DENVER, Colo., Aug 18, 2025 (247marketnews.com)- Today’s news is dominated by regulatory wins, scientific validation, and clinical momentum, as several emerging healthcare and biopharma players are making waves.
Catheter Precision (NYSE:VTAK) officially secured regulatory approval and registration for its LockeT device in the United Kingdom, just months after obtaining CE Mark in May 2025. The LockeT device is a suture retention tool designed for use in cardiac electrophysiology procedures, improving patient recovery and supporting faster hospital discharge.
To accelerate commercialization, the company is expanding its partnership with UK-based HC21, a distributor with €180M in annual revenues and a strong NHS footprint. Fatih Ayoglu, Sales Manager for EMEA & APAC, emphasized that LockeT’s ease of use enables earlier discharge, directly contributing to efforts by the NHS to reduce long-standing waitlists.
Notably, the regulatory milestone comes after Catheter Precision hit a 52-week stock low, signaling potential for a technical rebound as investor sentiment improves.
LIXTE Biotechnology (NASDAQ:LIXT) issued a comprehensive corporate update this week, highlighting $6.5 million in new financing, regained Nasdaq compliance, and key leadership changes. Geordan Pursglove was named CEO and Chairman, while Bas van der Baan transitioned to President and CSO. Two new board members, Jason Sawyer and Michael Holloway, MD, joined the company.
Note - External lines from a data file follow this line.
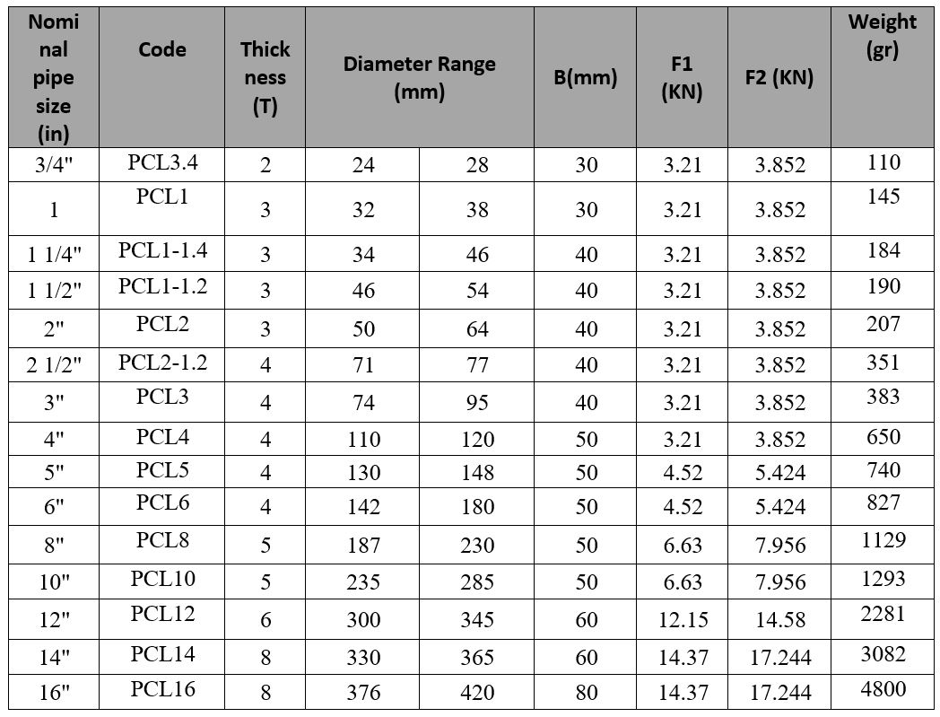 ویژگی های بست سنگین پای دار PCL ۲ اینچ – ۳/۴ سایز
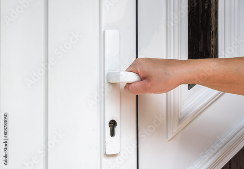 © mirsad, Fototapeta premium front door. hand holds doorknob on front door PVC
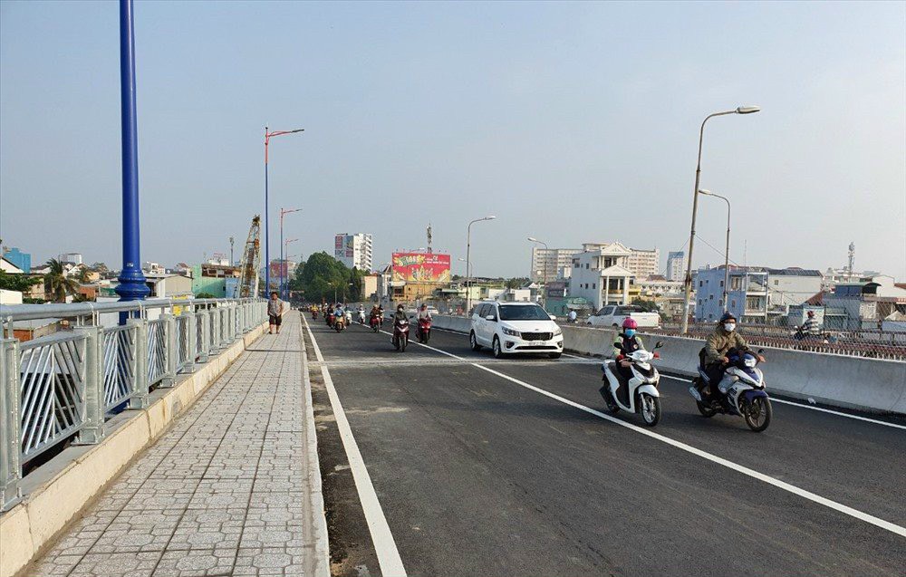 Các phương tiện lưu thông qua cầu Quang Trung 2 sau khi công trình hoàn thành đưa vào sử dụng
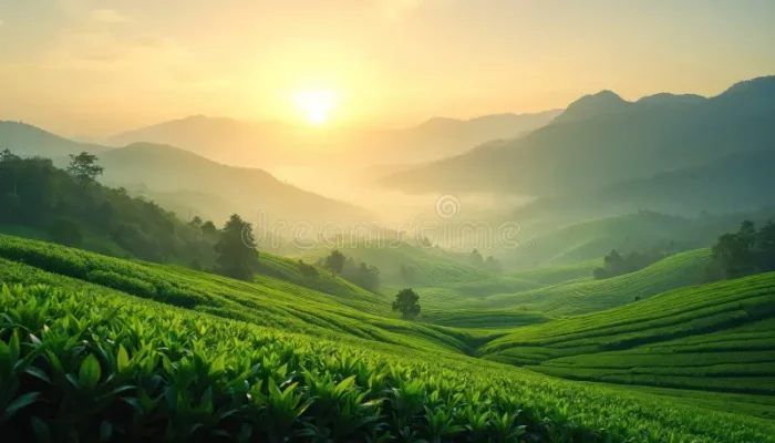 Saat mereka sampai di puncak bukit kecil, pemandangan terbuka lebar. Hamparan teh hijau bergelombang seperti lautan zamrud, kabut masih menari-nari di lembah bawah, dan sinar matahari pagi menyelinap membentuk sinar-sinar keemasan (crepuscular rays).
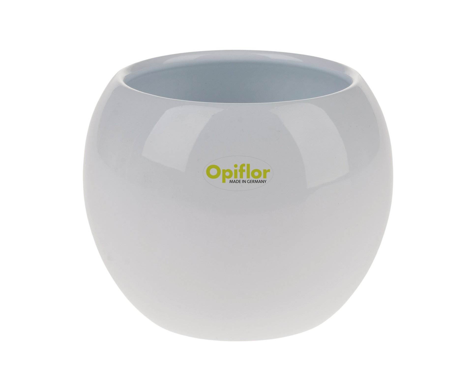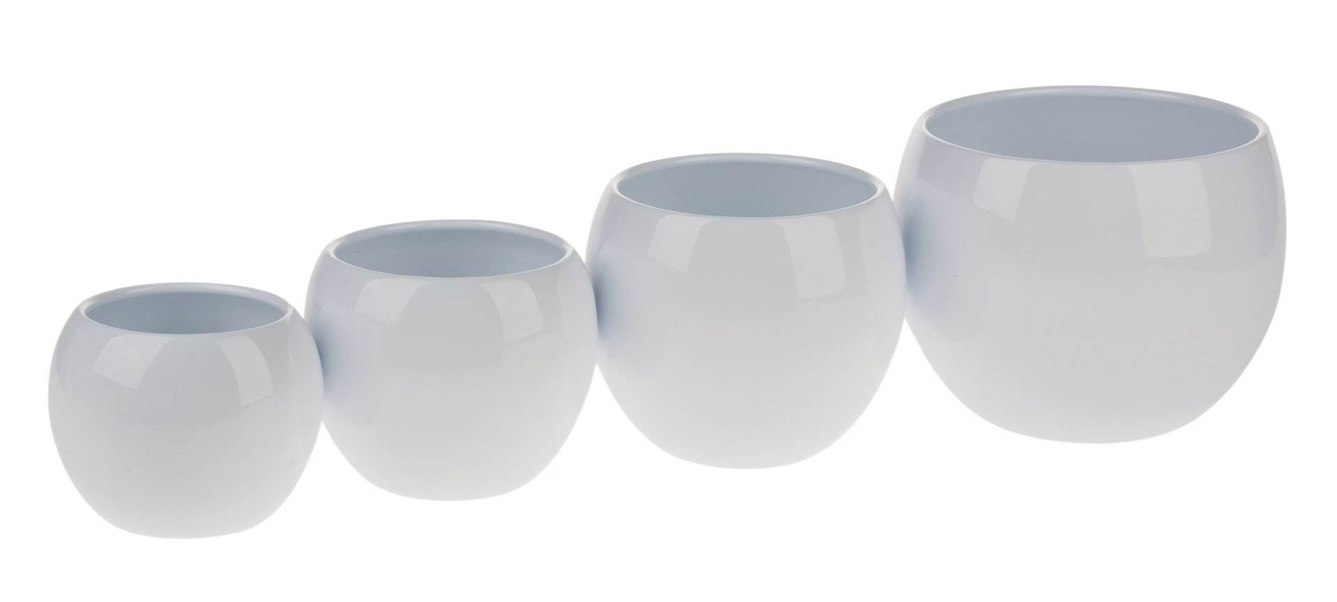 Pot en céramique brillant en forme de boule, disponible en différentes tailles et couleurs.
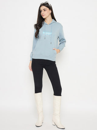 Madame Typography Print Light Sky Cotton Blend Sweatshirt
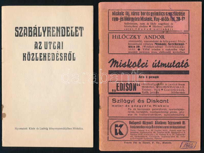 2 db Miskolc várossal kapcsolatos kiadvány: Miskolci útmutató. Szerk. és kiadja: Földes Lajos. Miskolc, (1942), Fekete Pál és Társai-ny., 4 sztl. lev.+ 40 p.+ 4 sztl. lev. Hirdetésekkel. Kiadói tűzött papírkötés, kissé viseltes borítóval, az első lap tetején hiánnyal. + Szabályrendelet az utcai közlekedésről. Miskolc, (1914), Klein és Ludvig-ny., 20 p. Kiadói tűzött papírkötés, kis foltokkal.
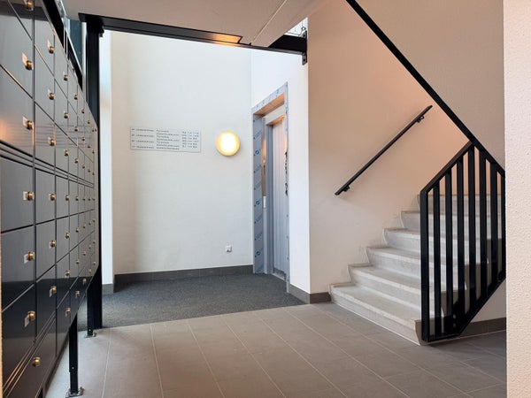 Ground floor: Entrance into the shared entrance hall, with access to the desired floor via the stairs.

A recent study published in Nature backs LIXTE’s lead compound, LB-100, a PP2A inhibitor being evaluated in combination with immunotherapy. The research, led by Dr. Amir Jazaeri at MD Anderson, showed that patients with PPP2R1A mutations, targeted by LB-100, experienced significantly better survival outcomes with immune checkpoint blockade therapy.
Additionally, LIXTE launched a new preclinical cancer prevention study with the Netherlands Cancer Institute, aimed at targeting early-stage “initiated” cells.
With ongoing clinical trials for ovarian GSK (NYSE:GSK) supported and colorectal cancer Roche (OTCQX:RHHBY) supported, the company appears well-positioned for both scientific and market advancement.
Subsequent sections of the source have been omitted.